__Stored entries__

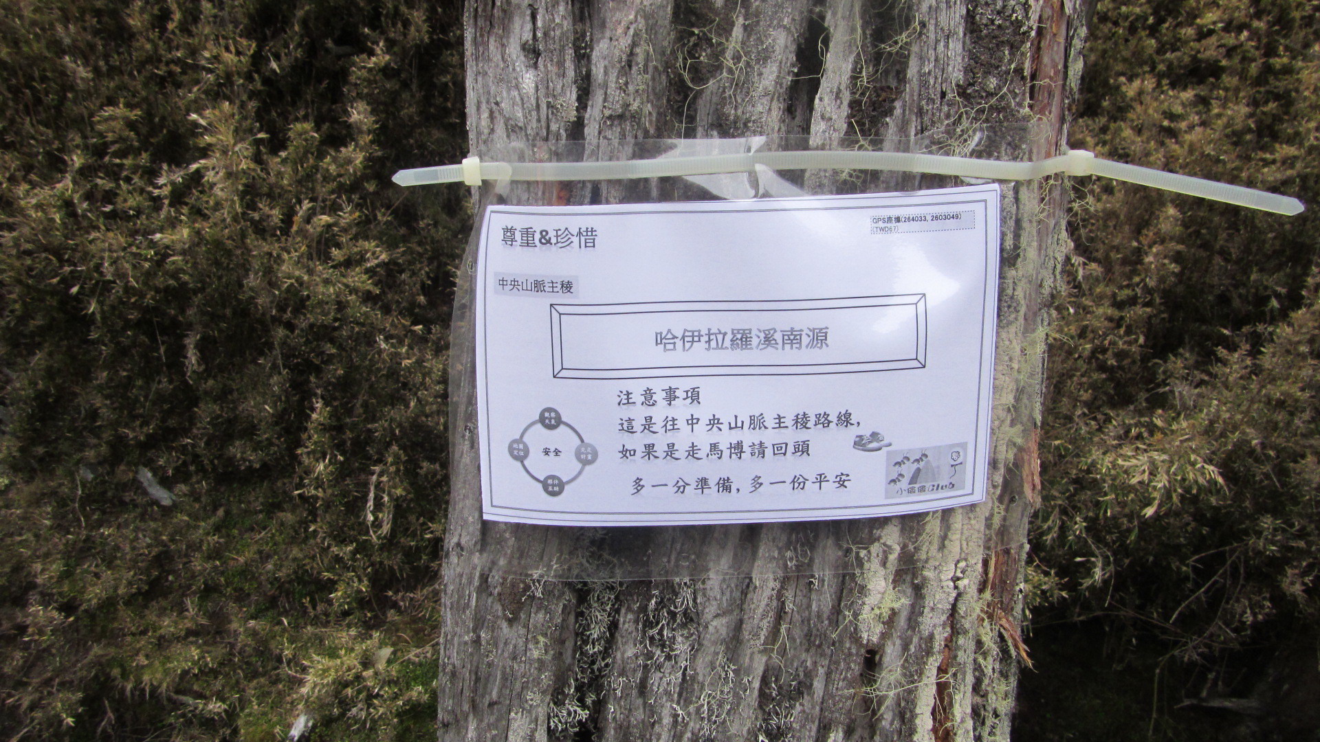 0925-0950續行抵達八通關山登山口(250093 2597958)。連續下坡,但是有些路徑太空曠,布條也不連續,有兩處要找一下路
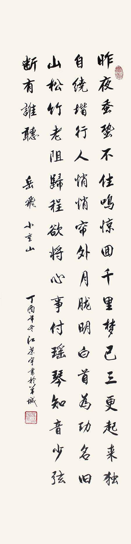 ![]() 江荣宇,1940年生,广州人,历任香港珠江建筑装饰集团董事长、广州珠江建筑装饰有限公司董事长、广州牧马人广告公司董事长、香港珠江书画院院长、“创意装饰”杂志社社长、广州珠江画院院长。近年来先后参加国内外各级展览,荣获金奖40多项,并被授予“当代书画名家”“中华杰出艺术家”“最有收藏价值艺术家”。 他的作品和传略被入编《中国书法全集》《一带一路 一书一画》《新中国当代书画史》《世界艺圣》《海峡科技与产业》等三百多种典籍之中。 中央电视台《收藏天下》《名家对话》等频道分别作了专题报道,中国音像出版总社,广东音像教育出版社出版了江荣宇作品专辑,多个报刊、网络媒体都有他的专题报道,他的知名度很大,是一位成功的企业家和书画艺术家。 ![]() ![]() ![]() ![]() ![]() ![]() |
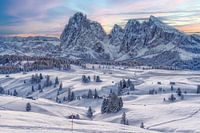 Seiser Alm in Zuid Tirol op een winter ochtend.
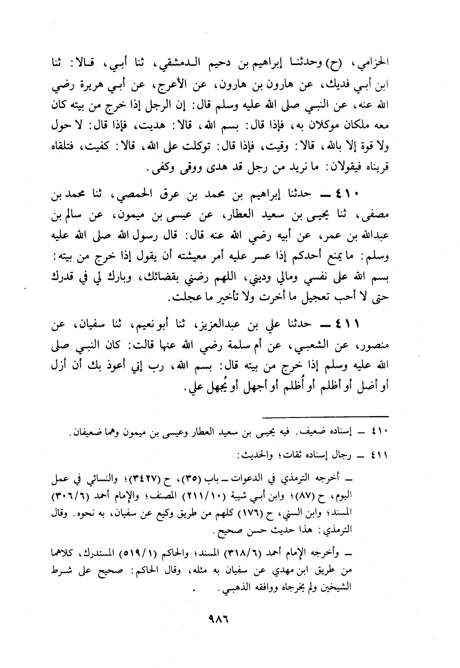 411- حَدَّثَنَا عَلِيُّ بْنُ عَبْدِ الْعَزِيزِ، حَدَّثَنَا أَبُو نُعَيْمٍ، حَدَّثَنَا سُفْيَانُ، عَنْ مَنْصُورٍ، عَنِ الشَّعْبِيِّ، عَنْ أُمِّ سَلَمَةَ، رَضِيَ اللَّهُ عَنْهَا قَالَتْ: كَانَ النَّبِيُّ صَلى الله عَلَيه وَسَلم إِذَا خَرَجَ مِنْ بَيْتِهِ قَالَ: بِسْمِ اللهِ، رَبِّ إِنِّي أَعُوذُ بِكَ أَنْ أَزِلَّ, أَوْ أَضِلَّ, أَوْ أَظْلِمَ, أَوْ أُظْلَمَ, أَوْ أَجْهَلَ, أَوْ يُجْهَلَ عَلَيَّ.
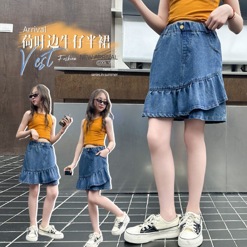 아동복 소녀 데님 스커트 여름 새로운 패션 다목적 아동 바지 프릴 스커트스토어 가기
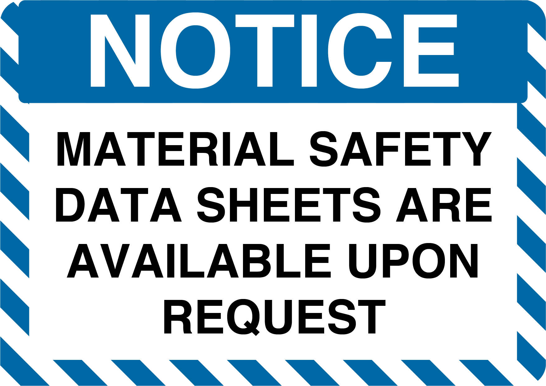 Notice "Material Safety Data Sheets Are Available Upon Request" Durable Matte Laminated Vinyl Floor Sign- Various Sizes Available
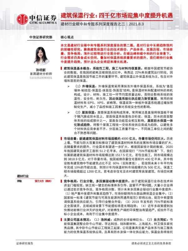 【中信证券】【20210803】建材行业碳中和专题系列深度报告之二:建筑保温行业,四千亿市场迎集中度提升机遇-42页 行业研究
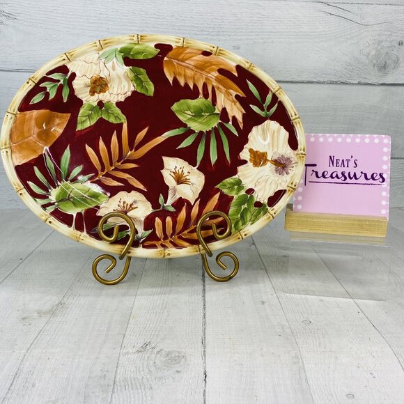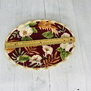 Home Trends HIBISCUS Bamboo Edge Ferns Floral Red Oval Ceramic Serving Platter

__WHAT IS EXPECTED__
Set down each entry above exactly as it appears. Omit the pictures.

__RESULT OF THE TASK__
 0925-0950續行抵達八通關山登山口(250093 2597958)。連續下坡,但是有些路徑太空曠,布條也不連續,有兩處要找一下路
 ![]() 江荣宇,1940年生,广州人,历任香港珠江建筑装饰集团董事长、广州珠江建筑装饰有限公司董事长、广州牧马人广告公司董事长、香港珠江书画院院长、“创意装饰”杂志社社长、广州珠江画院院长。近年来先后参加国内外各级展览,荣获金奖40多项,并被授予“当代书画名家”“中华杰出艺术家”“最有收藏价值艺术家”。 他的作品和传略被入编《中国书法全集》《一带一路 一书一画》《新中国当代书画史》《世界艺圣》《海峡科技与产业》等三百多种典籍之中。 中央电视台《收藏天下》《名家对话》等频道分别作了专题报道,中国音像出版总社,广东音像教育出版社出版了江荣宇作品专辑,多个报刊、网络媒体都有他的专题报道,他的知名度很大,是一位成功的企业家和书画艺术家。 ![]() ![]() ![]() ![]() ![]() ![]() |
 Seiser Alm in Zuid Tirol op een winter ochtend.
 411- حَدَّثَنَا عَلِيُّ بْنُ عَبْدِ الْعَزِيزِ، حَدَّثَنَا أَبُو نُعَيْمٍ، حَدَّثَنَا سُفْيَانُ، عَنْ مَنْصُورٍ، عَنِ الشَّعْبِيِّ، عَنْ أُمِّ سَلَمَةَ، رَضِيَ اللَّهُ عَنْهَا قَالَتْ: كَانَ النَّبِيُّ صَلى الله عَلَيه وَسَلم إِذَا خَرَجَ مِنْ بَيْتِهِ قَالَ: بِسْمِ اللهِ، رَبِّ إِنِّي أَعُوذُ بِكَ أَنْ أَزِلَّ, أَوْ أَضِلَّ, أَوْ أَظْلِمَ, أَوْ أُظْلَمَ, أَوْ أَجْهَلَ, أَوْ يُجْهَلَ عَلَيَّ.
 아동복 소녀 데님 스커트 여름 새로운 패션 다목적 아동 바지 프릴 스커트스토어 가기
 Notice "Material Safety Data Sheets Are Available Upon Request" Durable Matte Laminated Vinyl Floor Sign- Various Sizes Available
 【中信证券】【20210803】建材行业碳中和专题系列深度报告之二:建筑保温行业,四千亿市场迎集中度提升机遇-42页 行业研究
 Home Trends HIBISCUS Bamboo Edge Ferns Floral Red Oval Ceramic Serving Platter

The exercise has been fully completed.